*Work required*:
The records that follow are to be repeated exactly, with no pictures carried over.

Items from a data source
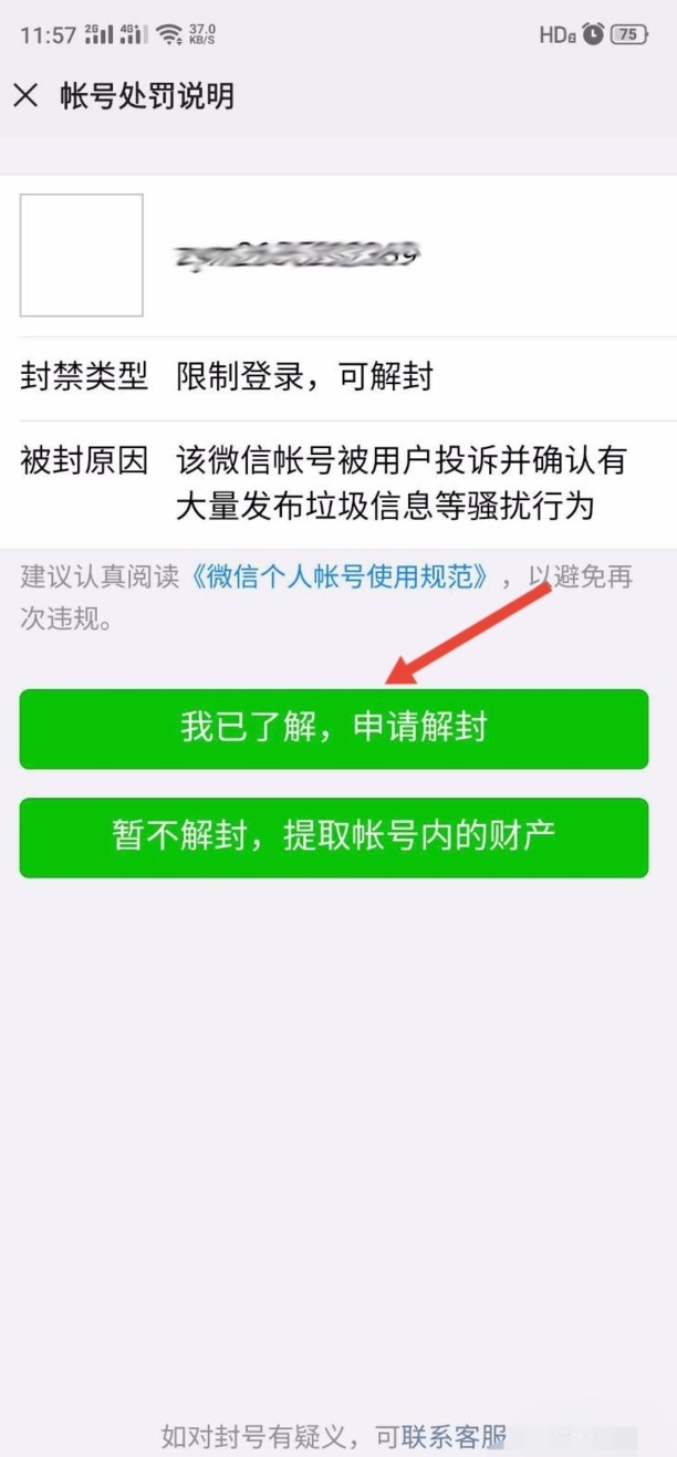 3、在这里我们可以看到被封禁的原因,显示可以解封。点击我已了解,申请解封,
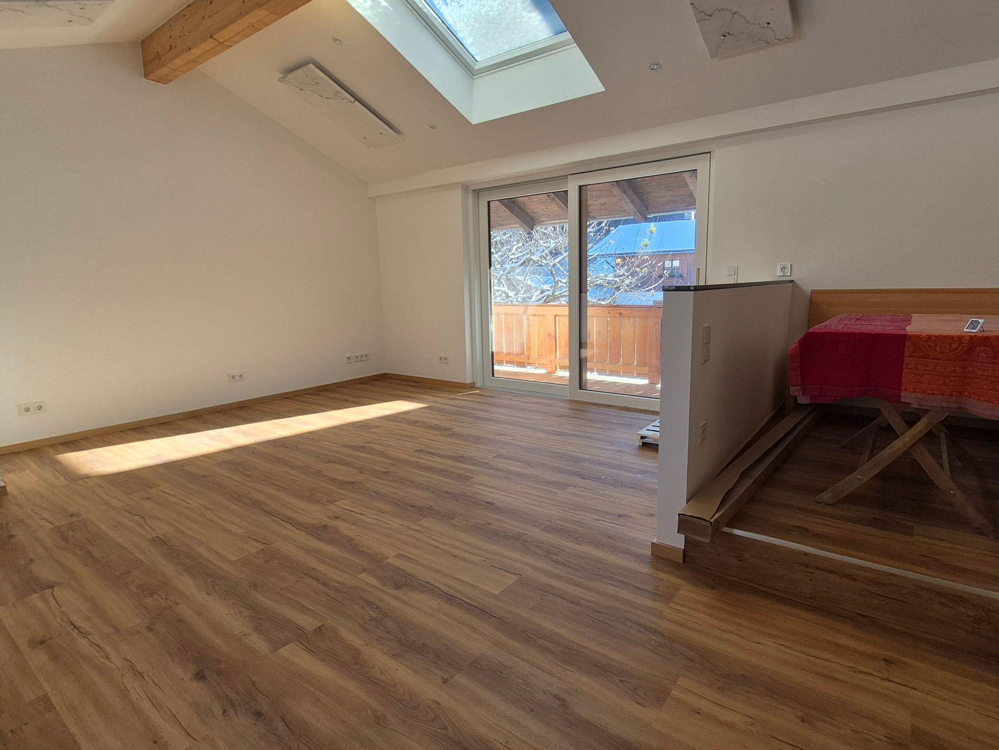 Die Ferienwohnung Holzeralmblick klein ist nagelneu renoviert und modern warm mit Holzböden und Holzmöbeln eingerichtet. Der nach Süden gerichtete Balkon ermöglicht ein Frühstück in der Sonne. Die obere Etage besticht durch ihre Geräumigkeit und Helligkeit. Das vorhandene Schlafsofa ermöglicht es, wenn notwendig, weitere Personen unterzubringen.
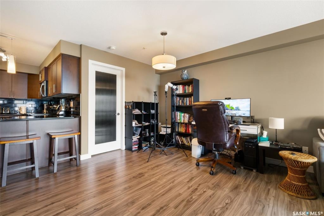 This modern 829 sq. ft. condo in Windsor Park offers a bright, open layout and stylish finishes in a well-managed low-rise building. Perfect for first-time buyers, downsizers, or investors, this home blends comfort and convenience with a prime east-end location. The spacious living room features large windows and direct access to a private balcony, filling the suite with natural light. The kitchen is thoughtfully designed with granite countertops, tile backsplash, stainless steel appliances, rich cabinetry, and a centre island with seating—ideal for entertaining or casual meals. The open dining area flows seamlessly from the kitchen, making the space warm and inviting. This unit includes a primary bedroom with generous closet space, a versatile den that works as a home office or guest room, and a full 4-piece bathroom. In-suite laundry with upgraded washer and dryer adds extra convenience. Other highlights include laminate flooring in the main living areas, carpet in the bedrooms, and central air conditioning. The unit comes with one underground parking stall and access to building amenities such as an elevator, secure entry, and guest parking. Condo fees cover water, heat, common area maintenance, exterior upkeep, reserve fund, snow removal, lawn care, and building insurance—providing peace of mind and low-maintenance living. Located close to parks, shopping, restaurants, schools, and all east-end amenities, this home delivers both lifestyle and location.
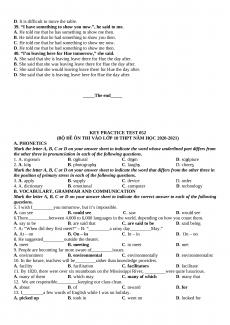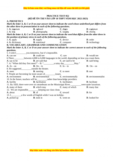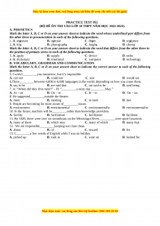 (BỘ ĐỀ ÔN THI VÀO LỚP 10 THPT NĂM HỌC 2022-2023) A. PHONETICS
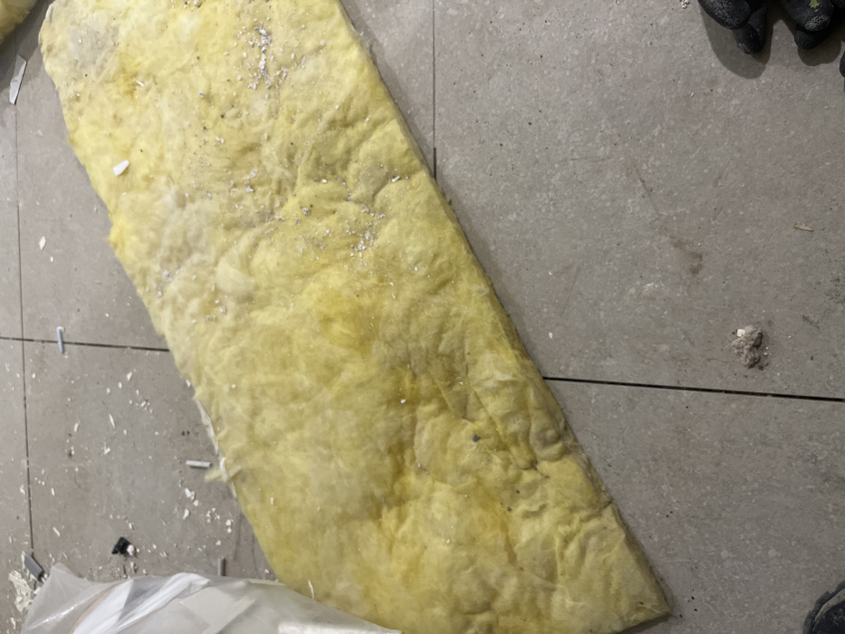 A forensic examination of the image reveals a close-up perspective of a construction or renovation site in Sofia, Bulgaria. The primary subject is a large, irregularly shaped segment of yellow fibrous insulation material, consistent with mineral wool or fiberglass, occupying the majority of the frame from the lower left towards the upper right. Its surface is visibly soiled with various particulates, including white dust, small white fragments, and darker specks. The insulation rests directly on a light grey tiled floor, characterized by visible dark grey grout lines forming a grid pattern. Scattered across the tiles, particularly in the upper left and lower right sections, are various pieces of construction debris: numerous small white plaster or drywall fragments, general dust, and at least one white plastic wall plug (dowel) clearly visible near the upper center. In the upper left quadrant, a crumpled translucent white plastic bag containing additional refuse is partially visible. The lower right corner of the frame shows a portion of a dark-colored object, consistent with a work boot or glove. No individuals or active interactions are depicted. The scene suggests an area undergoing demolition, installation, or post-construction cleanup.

*Exercise solution*:
 3、在这里我们可以看到被封禁的原因,显示可以解封。点击我已了解,申请解封,
 Die Ferienwohnung Holzeralmblick klein ist nagelneu renoviert und modern warm mit Holzböden und Holzmöbeln eingerichtet. Der nach Süden gerichtete Balkon ermöglicht ein Frühstück in der Sonne. Die obere Etage besticht durch ihre Geräumigkeit und Helligkeit. Das vorhandene Schlafsofa ermöglicht es, wenn notwendig, weitere Personen unterzubringen.
 This modern 829 sq. ft. condo in Windsor Park offers a bright, open layout and stylish finishes in a well-managed low-rise building. Perfect for first-time buyers, downsizers, or investors, this home blends comfort and convenience with a prime east-end location. The spacious living room features large windows and direct access to a private balcony, filling the suite with natural light. The kitchen is thoughtfully designed with granite countertops, tile backsplash, stainless steel appliances, rich cabinetry, and a centre island with seating—ideal for entertaining or casual meals. The open dining area flows seamlessly from the kitchen, making the space warm and inviting. This unit includes a primary bedroom with generous closet space, a versatile den that works as a home office or guest room, and a full 4-piece bathroom. In-suite laundry with upgraded washer and dryer adds extra convenience. Other highlights include laminate flooring in the main living areas, carpet in the bedrooms, and central air conditioning. The unit comes with one underground parking stall and access to building amenities such as an elevator, secure entry, and guest parking. Condo fees cover water, heat, common area maintenance, exterior upkeep, reserve fund, snow removal, lawn care, and building insurance—providing peace of mind and low-maintenance living. Located close to parks, shopping, restaurants, schools, and all east-end amenities, this home delivers both lifestyle and location.
 (BỘ ĐỀ ÔN THI VÀO LỚP 10 THPT NĂM HỌC 2022-2023) A. PHONETICS
 A forensic examination of the image reveals a close-up perspective of a construction or renovation site in Sofia, Bulgaria. The primary subject is a large, irregularly shaped segment of yellow fibrous insulation material, consistent with mineral wool or fiberglass, occupying the majority of the frame from the lower left towards the upper right. Its surface is visibly soiled with various particulates, including white dust, small white fragments, and darker specks. The insulation rests directly on a light grey tiled floor, characterized by visible dark grey grout lines forming a grid pattern. Scattered across the tiles, particularly in the upper left and lower right sections, are various pieces of construction debris: numerous small white plaster or drywall fragments, general dust, and at least one white plastic wall plug (dowel) clearly visible near the upper center. In the upper left quadrant, a crumpled translucent white plastic bag containing additional refuse is partially visible. The lower right corner of the frame shows a portion of a dark-colored object, consistent with a work boot or glove. No individuals or active interactions are depicted. The scene suggests an area undergoing demolition, installation, or post-construction cleanup.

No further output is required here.